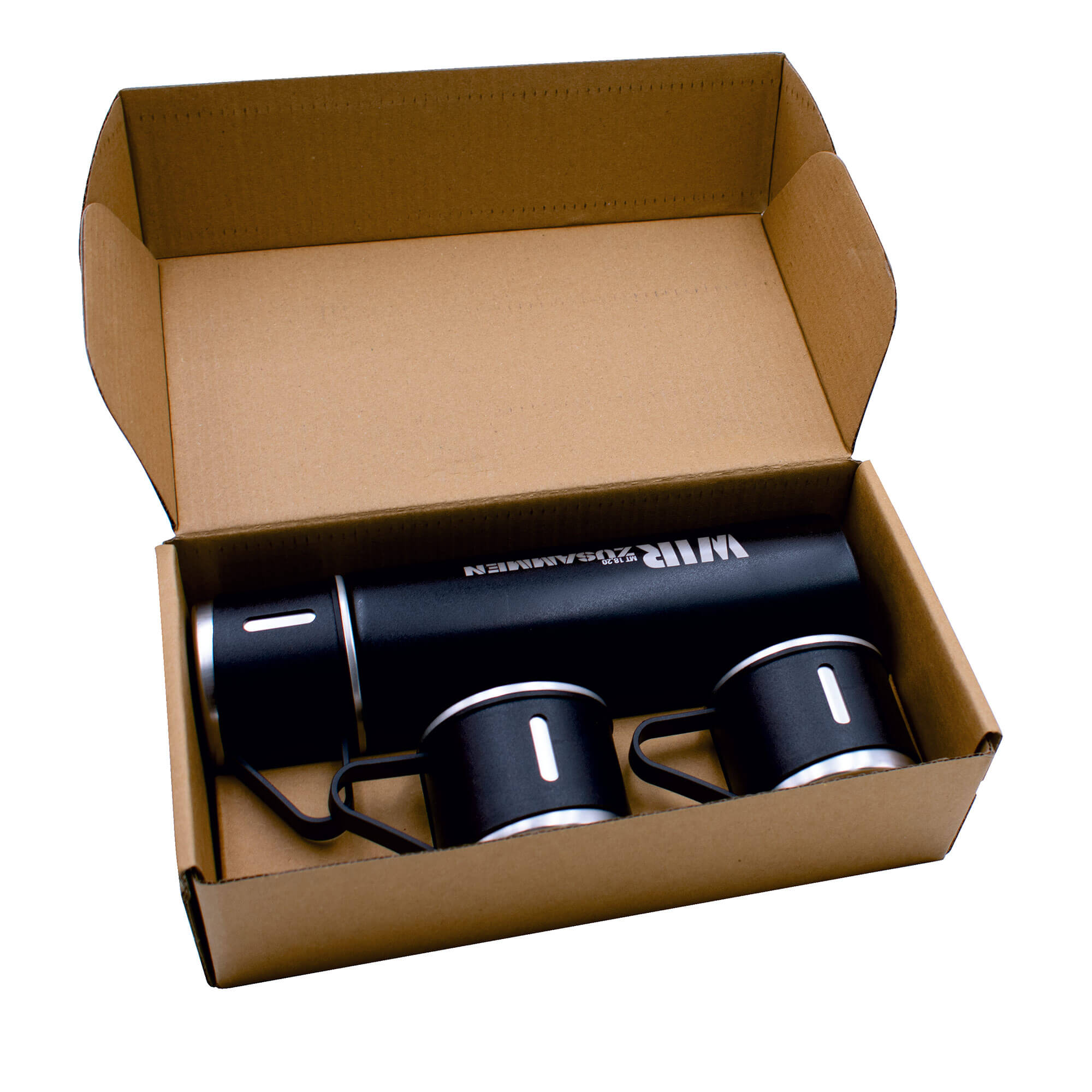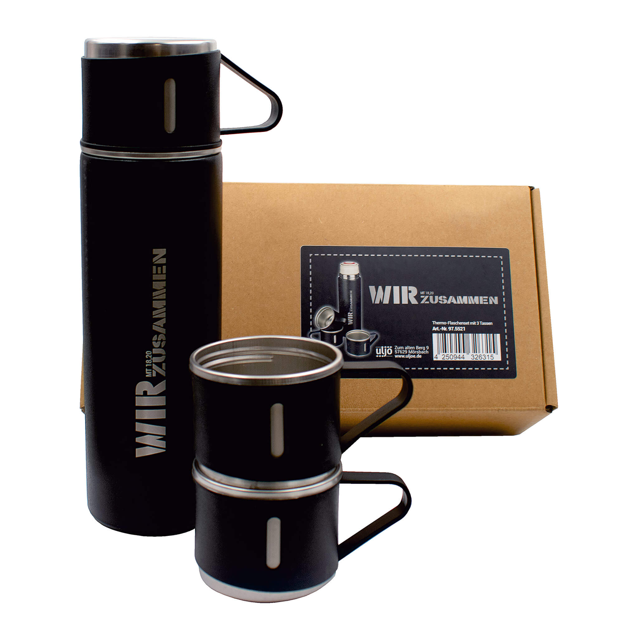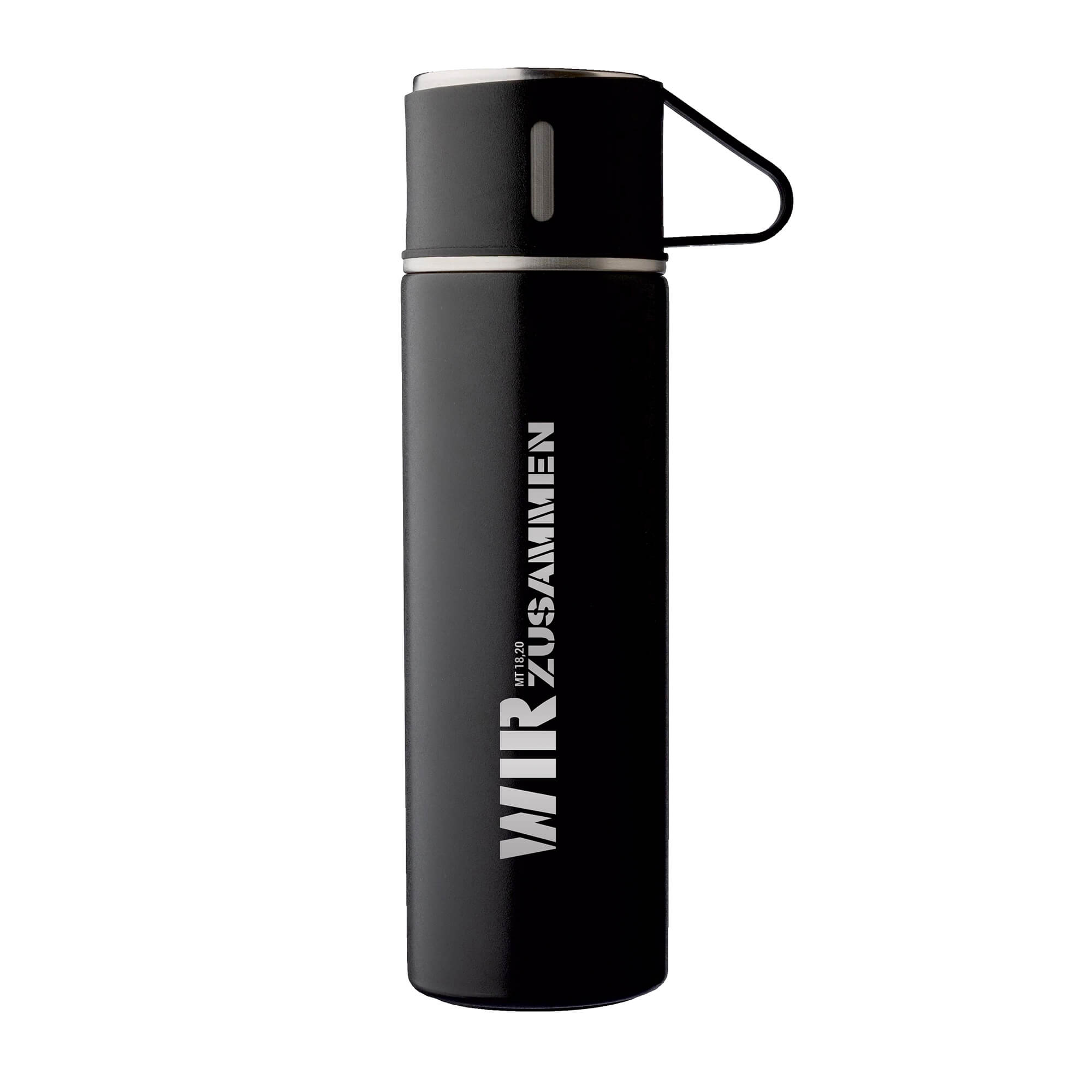 Doppelwandiges Flaschenset mit 3 Tassen "Wir zusammen Mt 18,20"
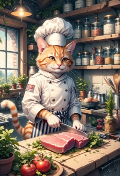 An anthropomorphic cat chef in a cozy, rustic kitchen, preparing a fresh tuna dish. The cat stands upright with a humanoid form, covered in sleek fur with feline features like pointed ears, whiskers, and a long, swishing tail. It wears a traditional white chef's jacket, a tall chef's hat, and a striped apron. The cat is skillfully slicing a large, fresh tuna on a wooden cutting board with a sharp chef's knife, focusing intently on its work. The kitchen is filled with vibrant ingredients, including herbs, spices, and vegetables neatly arranged around the countertop. The atmosphere is warm and inviting, with soft sunlight streaming in through a nearby window, casting a golden glow on the scene. The shelves are lined with jars and bottles, adding to the cozy, culinary ambiance, while the cat chef prepares the tuna with expertise and precision,Catropomorphism,Wtrz Bckgrnd,Anime,Illustration,white background,pastelz
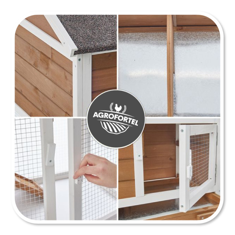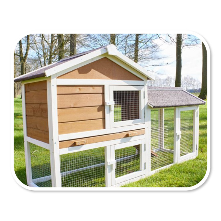- Kvalitní materiály - králíkárna je vyrobena z masivního dřeva ošetřeného ochranným nátěrem. Bezpečí před deštěm zajišťuje střecha z bitumenovcýh desek.
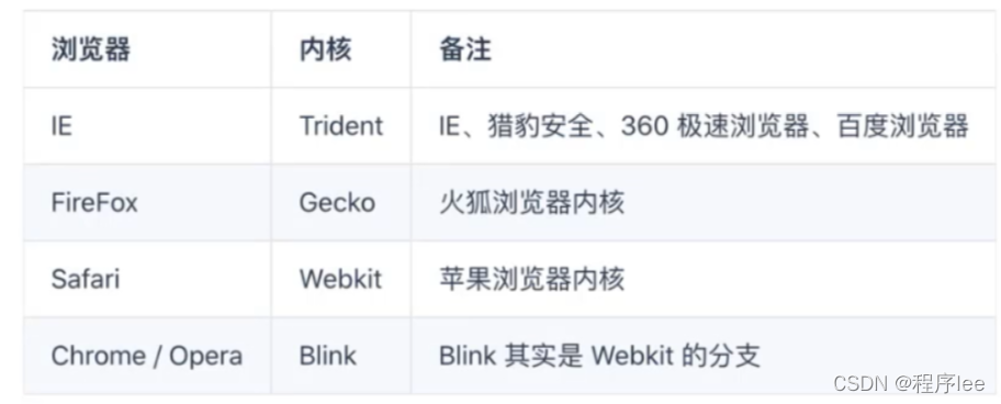 除此之外每个浏览器都有自己的内核,渲染引擎(浏览器内核)︰浏览器中专门对代码进行解析渲染的部分浏览器出品的公司不同,内在的渲染引擎也是不同的:
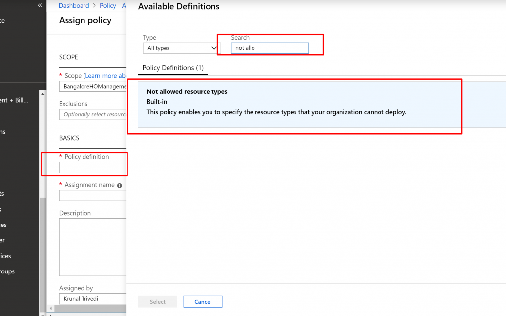 - Click on the ellipsis button for Policy Definition Box. Search for not-allowed and select Not Allowed Resource Types.
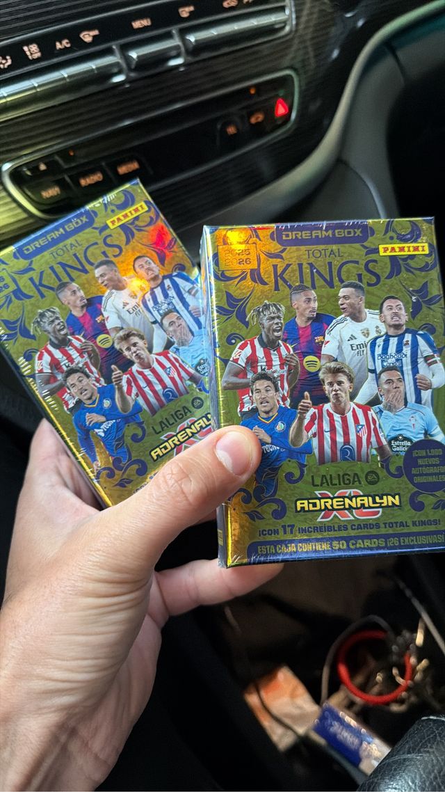 Caja de cromos Panini Adrenalyn XL de la temporada 2025/2026. - Modelo Dream Box. - Sin abrir, en perfecto estado. - Contiene 50 cards, incluyendo 17 Total Kings.
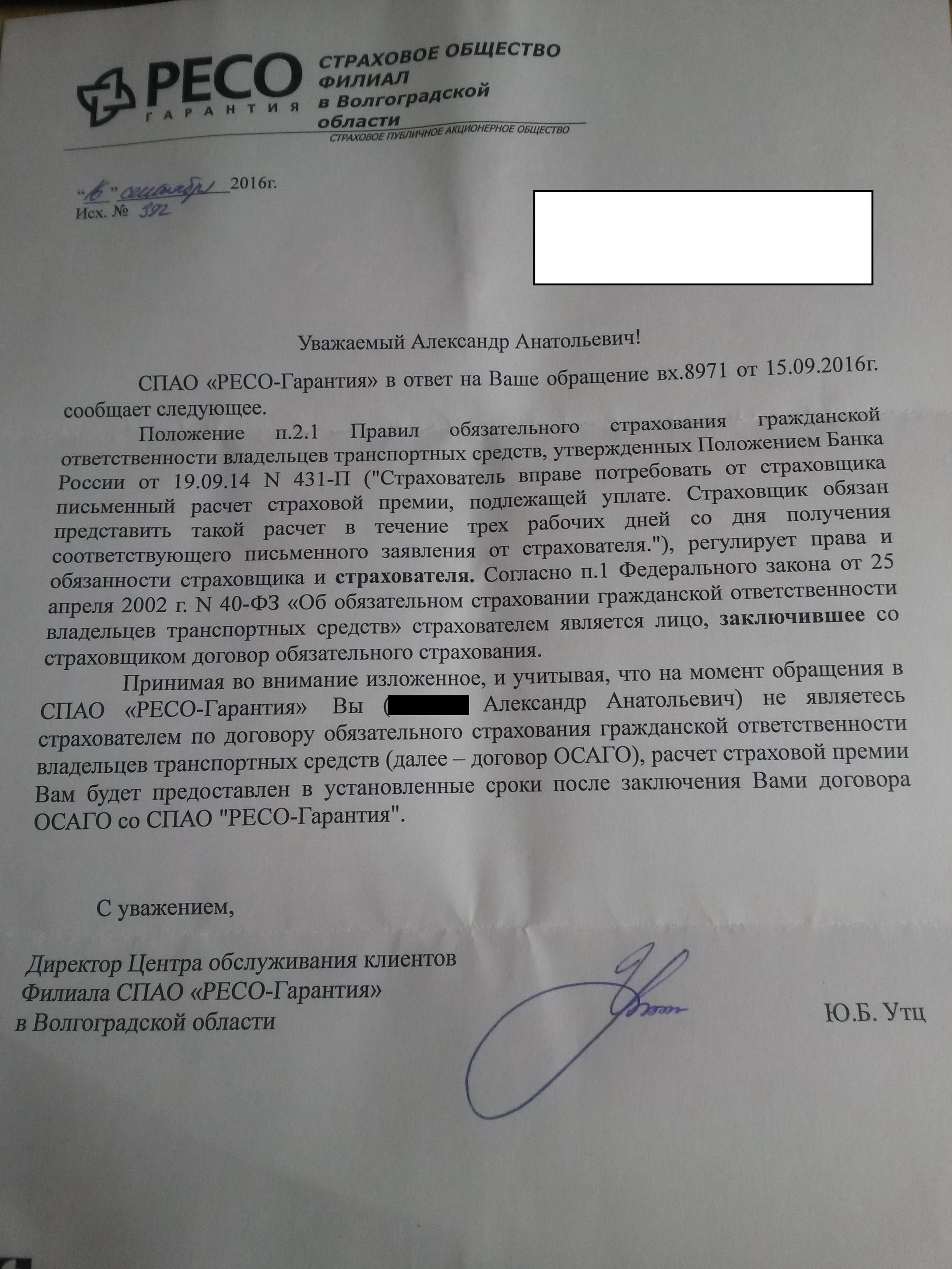В конверте от меня было Заявление Прошу Вас произвести письменный расчет страховой премии, подлежащей уплате, для заключения с Вашей страховой компании договора ОСАГО на срок действия с 15.10.2016г по 14.10.2017г. Также, при необходимости осмотра тс с вашей стороны (согласно правилам ОСАГО Глава 1 п. 1.7), готов предоставить тс к осмотру. В случае если в течение трех рабочих дней, со дня получения этого заявления, мне не будет предоставлен письменный расчет страховой премии, буду вынужден обратиться в контрольно-надзорные органы (Центральный банк РФ, ФАС, РСА), для привлечения Вас к ответственности по статье 14.1 ч.3 КоАП РФ На основании абз.5 п.2.1 "Положения Банка России №431-П" Прошу уведомить меня по телефону 0000000 о готовности письменного расчета страховой премии, чтобы я смог приехать и получить письменный расчет на руки в офисе Вашей компании по адресу: 400010, Волгоград, проспект Маршала Жукова д.94 Д К заявлению прилагаются следующие документы: 1. Заявление о заключении договора ОСАГО (Приложение 2 к Положению Банка России от «19» сентября 2014 года №431-П) на 3 листах. 2. Копия свидетельства о регистрации транспортного средства; Серия 0000 № 00000. 3. Копия диагностической карты: № 4. Копия ВУ на имя Александра Анатольевича: Серия 00000 № 00000. 5. Копия паспорта (собственника тс) Александра Анатольевича: Серия 000 № 0000. 6. Копия паспорта ТС: Серия 000 № 0000 7. Копия предыдущего договора ОСАГО от ООО"РОСГОССТРАХ": Серия ХХХ № 000005.
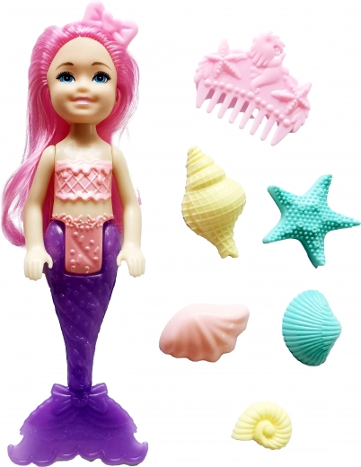 Ontdek de magische onderwaterwereld met deze lieve zeemeermin van 15 cm. Deze kleine pop past perfect in kinderhandjes en dankzij de accessoires kunnen kinderen hun eigen verhaaltjes bedenken en de haartjes verzorgen. De verschillende kleuren maken het mogelijk precies die variant te kiezen die het meest aanspreekt.
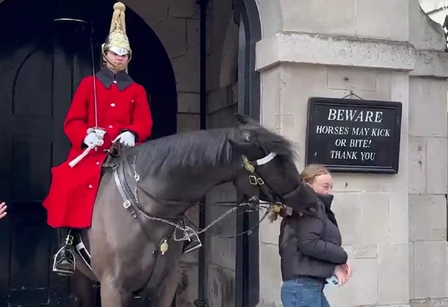 Un cal al Gărzii Regelui de la Palatul Buckingham a reacționat atunci când o turistă s-a apropiat prea mult. O înregistrare video arată momentul șocant în care calul a apucat o femeie de păr, în timp ce aceasta poza pentru o fotografie la Horse Guards Parade.
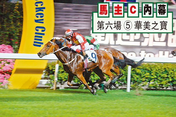 第六場、第三班、一六五○米。「華美之寶」(圖9號)東廄五歲仔跑慣谷草千二米,到前仗復出卻角逐田草千四米,用意分明志在熱身練氣;到上次回師最合腳法的谷草窄場,告仔唔揀千二卻刻意揀一哩增程,韋達沿途擺前走,入直路遇上多匹主要對手在衝刺時碰撞,本身得以突圍放到,今仗有力再次一放迄終。
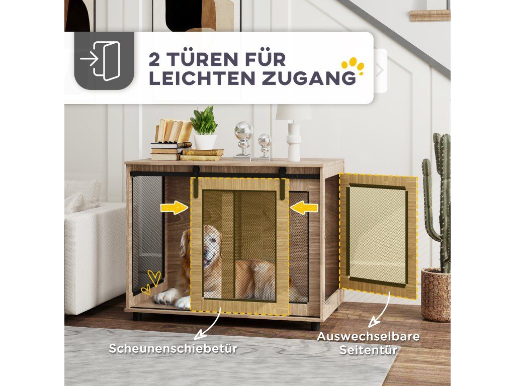 - Stylová a funkční: Díky posuvným dvířkům ve stylu stodoly nabízí tato přepravka pro psy pohodlný přístup, dodává jí šarm a šetří cenné místo. Ventilace na třech stranách zajišťuje celodenní pohodlí vašeho mazlíčka
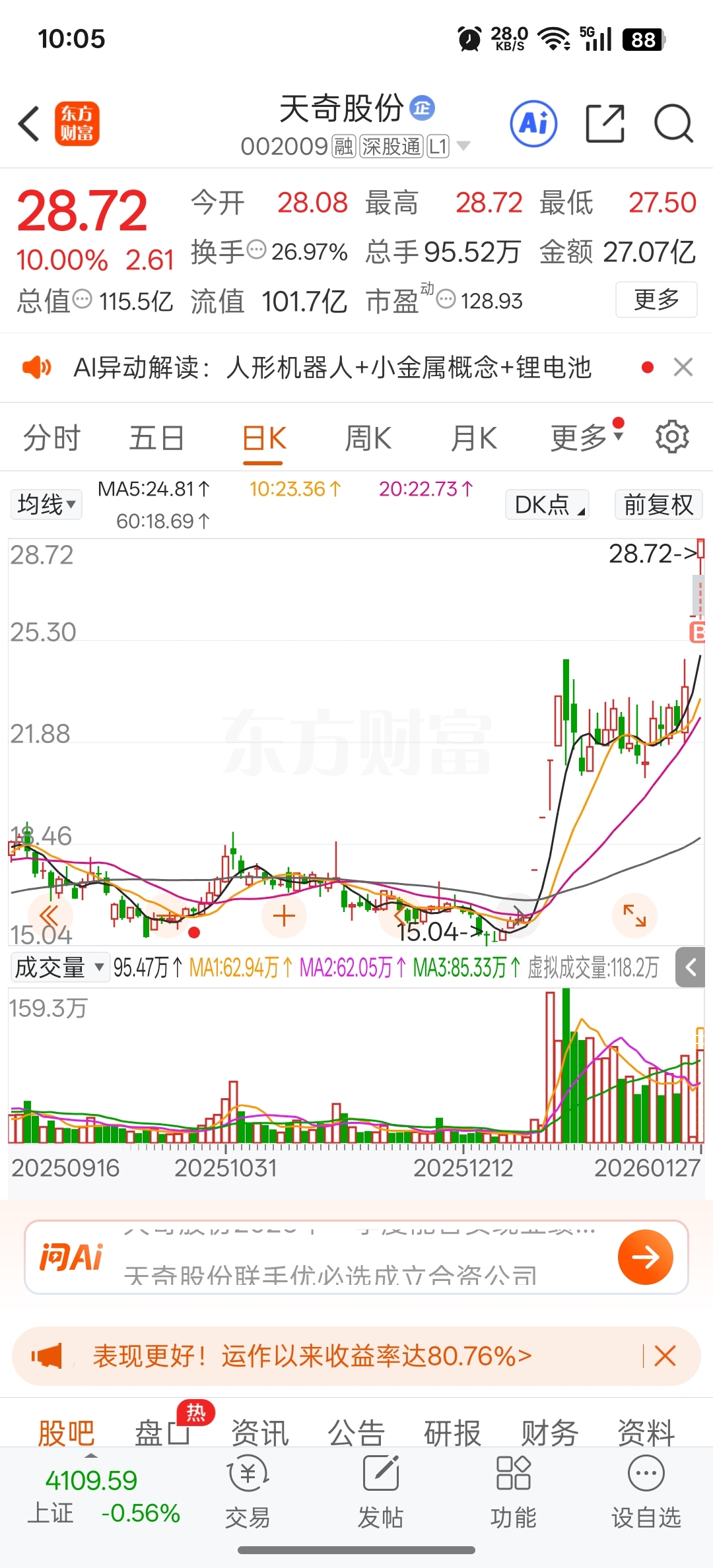 $天奇股份(SZ002009)$

■ ■ ■ ■

Prompt | The expected answer is the line with "- Stylová a" followed by every remaining line of the listing, each restated exactly, with all pictures dropped.

Task output |
 - Stylová a funkční: Díky posuvným dvířkům ve stylu stodoly nabízí tato přepravka pro psy pohodlný přístup, dodává jí šarm a šetří cenné místo. Ventilace na třech stranách zajišťuje celodenní pohodlí vašeho mazlíčka
 $天奇股份(SZ002009)$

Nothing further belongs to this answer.